Lines from the one containing "Gorgeous and durable" through the final line of the records below are needed, copied exactly, with no pictures.

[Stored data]
== Segment start ==

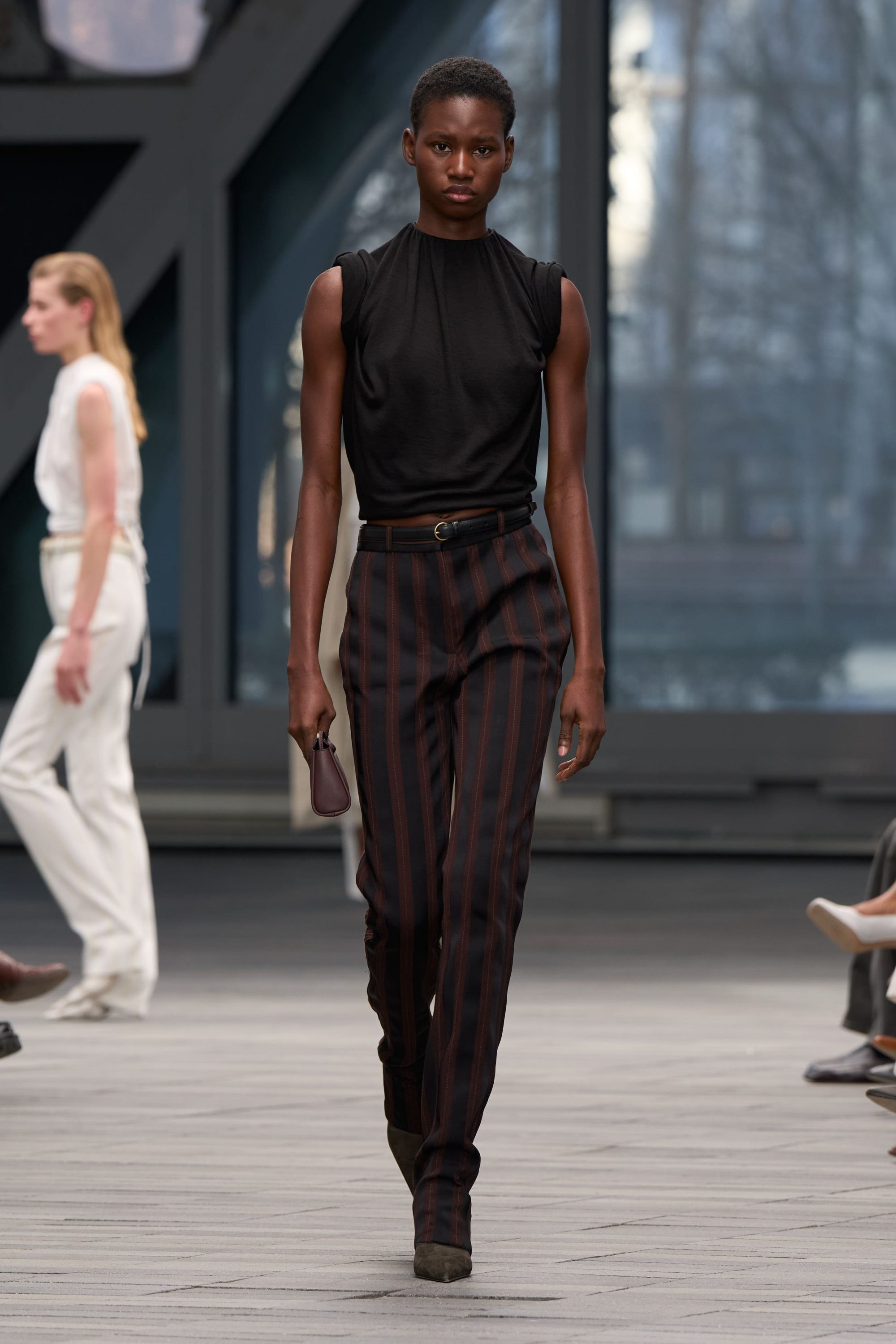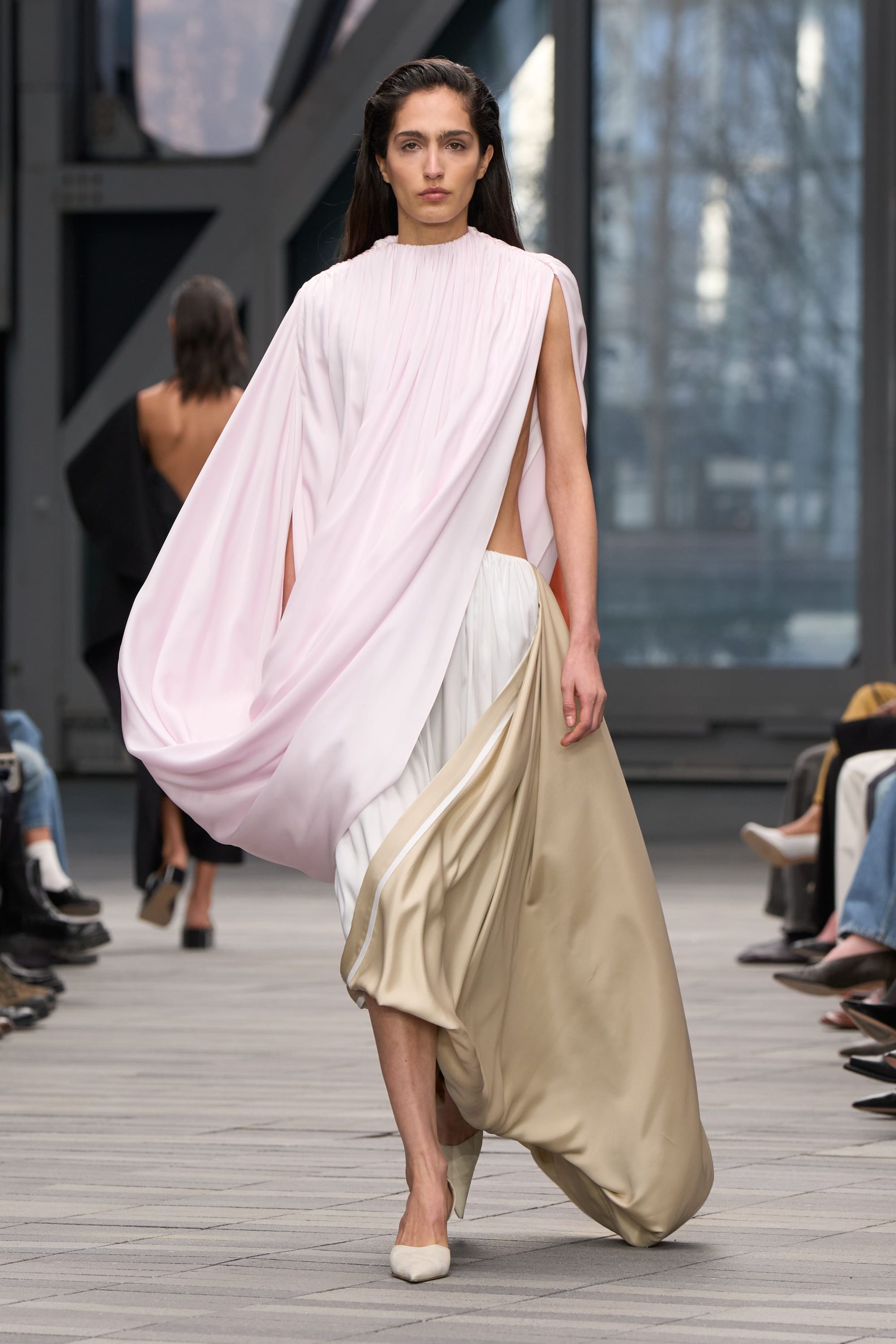 A lo largo de los distintos estilos, la silueta es alta y recta; la sastrería precisa y ajustada, con inesperadas espaldas descubiertas y detalles sin mangas, crea tensión, mientras que los vestidos intensamente trabajados presentan espaldas lisas en contraste que revelan su estructura interna.
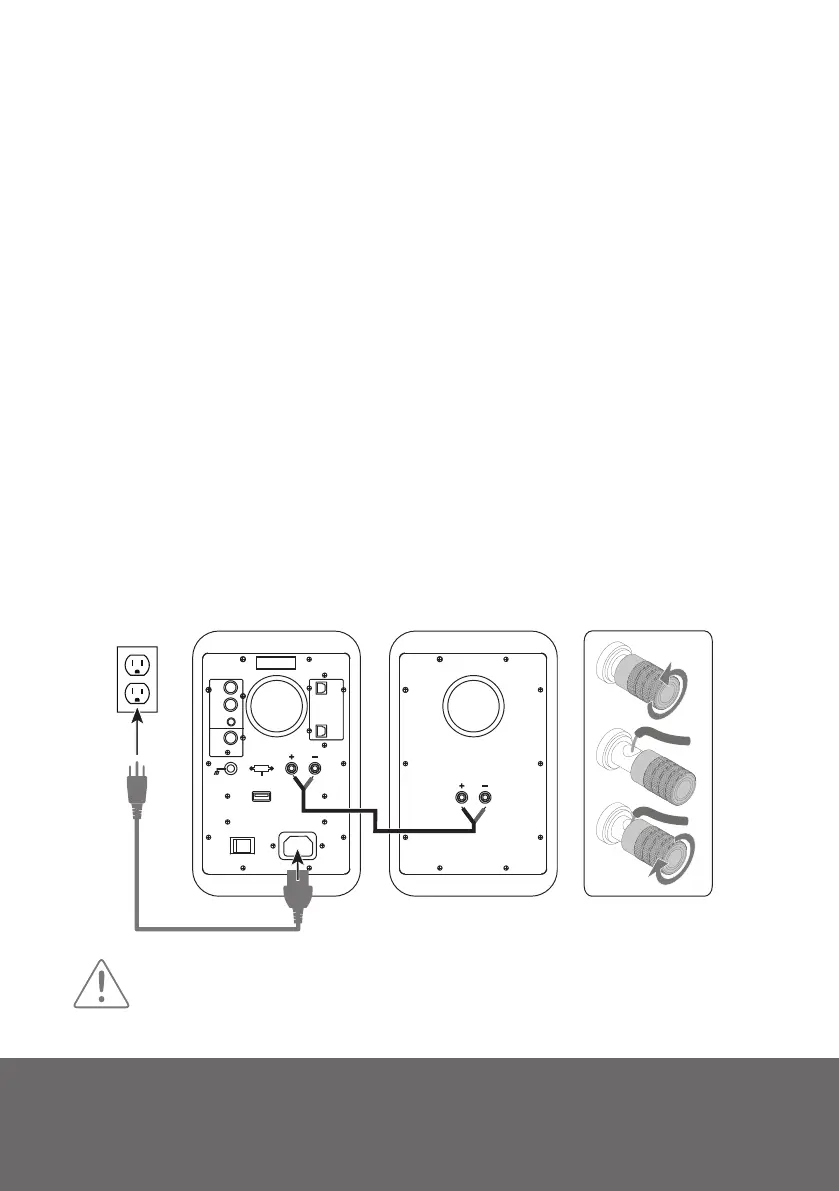 amplier. Damage may occur. Use only the power cord provided with the speakers.
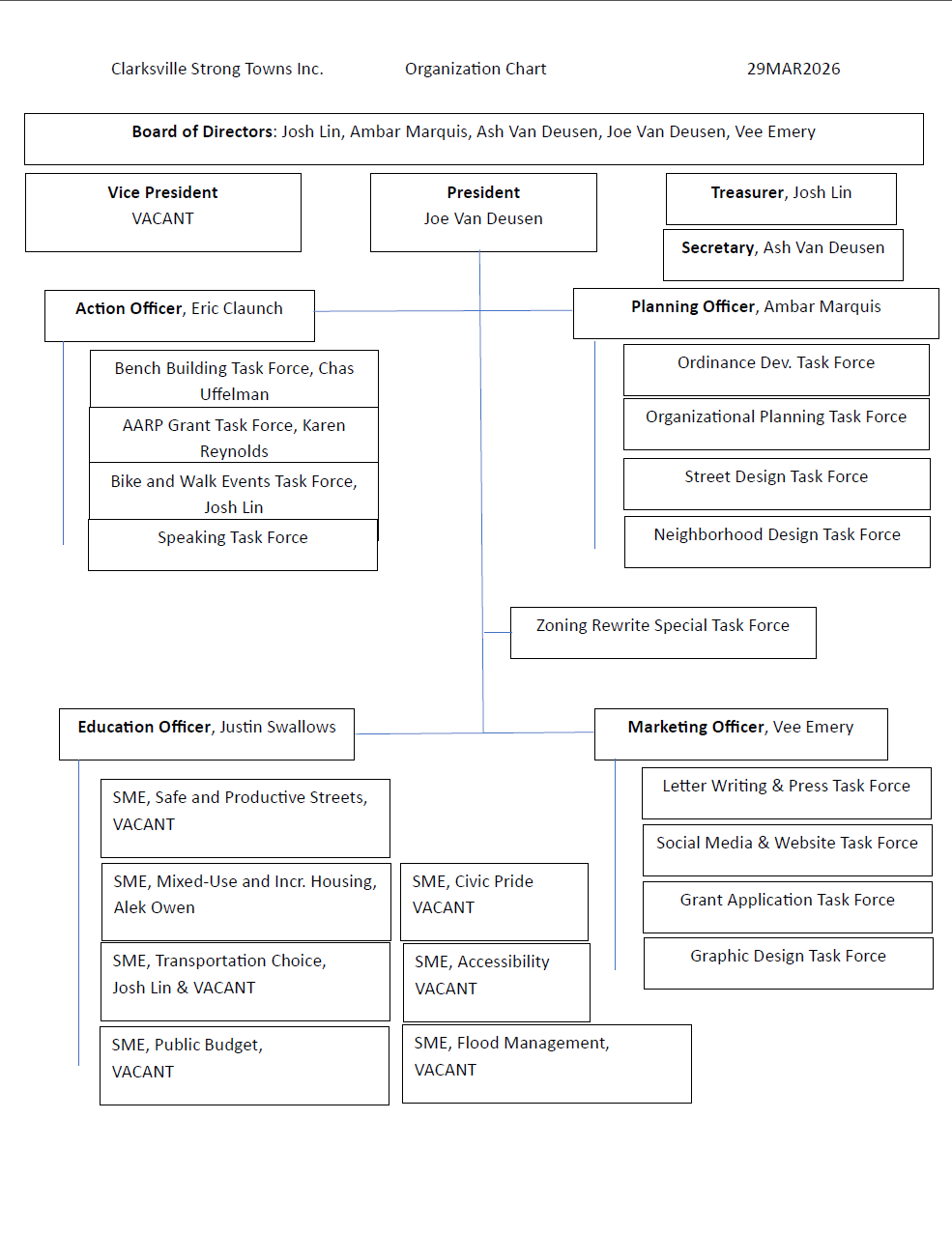 Action Officer: Organizes various action-oriented task forces, such as: internal events, community events, volunteerism, tactical urbanism, attending/speaking at public meetings, organizing members and affiliates to commit action. May delegate Task Force leadership.
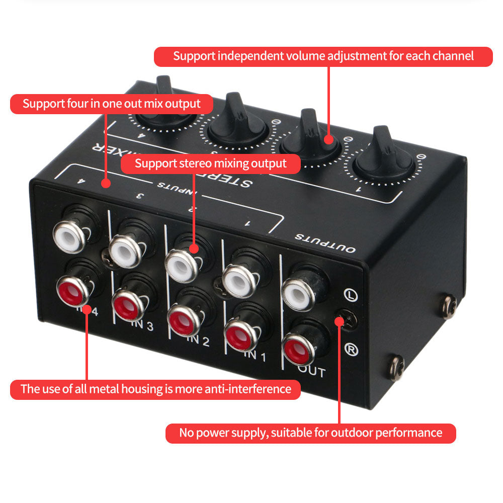CX400A Stereo Mini Audio Mixer High Performance 4-Channel Passive Dual Mode Mixer with Zero Background Noise
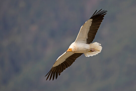 Egyptian vulture in the Rhodope mountains. White scavenger vulture is observing in the mountains. Bulgaria nature.
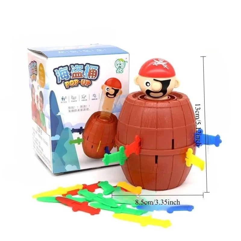 Bring laughter, suspense, and family fun to playtime with the Funny Pirate Barrel Game! This classic interactive toy is loved by kids and adults alike, featuring a playful pirate character that pops out unexpectedly when the wrong sword is chosen.
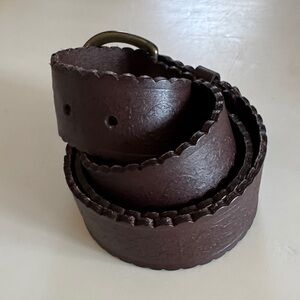 Gorgeous and durable dark brown leather belt with embossed design and scalloped edge. Classic burnished gold buckle. Quality vintage item with little use. 1.5” wide strap. Strap 41” end to end with five holes at 34”-38”. Buckle 1.5”L and 2”W
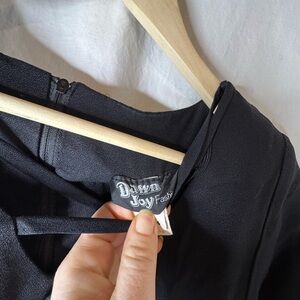 VNTG CrissCross Neckline MIDI Black Shoulder Pad Dress Size Small
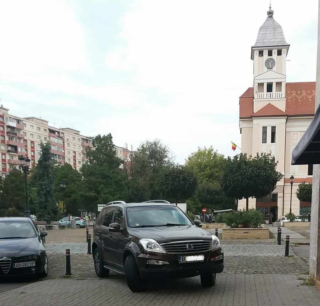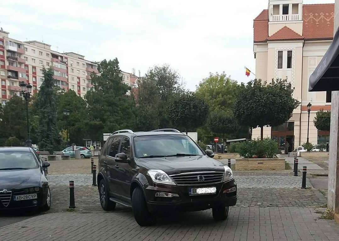 ȘTIREA TA pe Alba24: Parcare „inspirată”, la Alba Iulia. Cu jeep-ul pe trotuar, în centrul municipiului
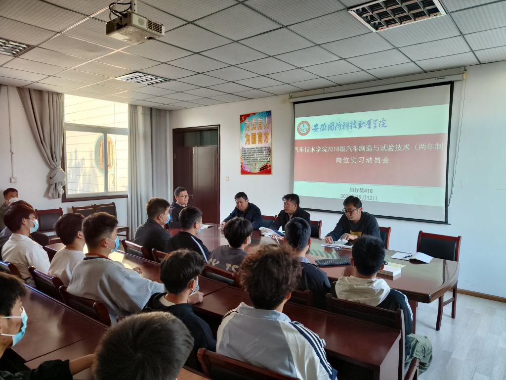 本网讯(汽车技术学院 黄世超)为贯彻落实学校相关文件精神和要求,全力做好2018级汽车制造与试验技术专业(两年制)学生岗位实习工作,10月12日下午,汽车技术学院在知行楼416会议室举行2018级汽车制造与试验技术专业(两年制)学生岗位实习动员会。汽车技术学院党总支副书记余桂刚、副院长姜继文、就业辅导员黄世超及实习指导教师参加了本次会议。
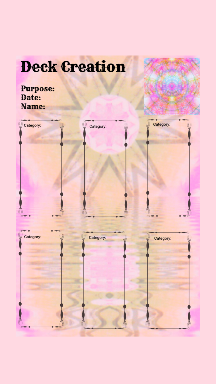 5. Deck creation page. For those who want to create a deck. This has the soul star chakra grid on it. Connecting you to your soul to bring in our energy decks. This chakra connects you to talents of all aspects of your soul and monad. The other grid is for the casual body to bring in its gifts to the world. The casual body is another way to connect to your soul.

== Segment end ==

### Answer to the exercise
 Gorgeous and durable dark brown leather belt with embossed design and scalloped edge. Classic burnished gold buckle. Quality vintage item with little use. 1.5” wide strap. Strap 41” end to end with five holes at 34”-38”. Buckle 1.5”L and 2”W
 VNTG CrissCross Neckline MIDI Black Shoulder Pad Dress Size Small
 ȘTIREA TA pe Alba24: Parcare „inspirată”, la Alba Iulia. Cu jeep-ul pe trotuar, în centrul municipiului
 本网讯(汽车技术学院 黄世超)为贯彻落实学校相关文件精神和要求,全力做好2018级汽车制造与试验技术专业(两年制)学生岗位实习工作,10月12日下午,汽车技术学院在知行楼416会议室举行2018级汽车制造与试验技术专业(两年制)学生岗位实习动员会。汽车技术学院党总支副书记余桂刚、副院长姜继文、就业辅导员黄世超及实习指导教师参加了本次会议。
 5. Deck creation page. For those who want to create a deck. This has the soul star chakra grid on it. Connecting you to your soul to bring in our energy decks. This chakra connects you to talents of all aspects of your soul and monad. The other grid is for the casual body to bring in its gifts to the world. The casual body is another way to connect to your soul.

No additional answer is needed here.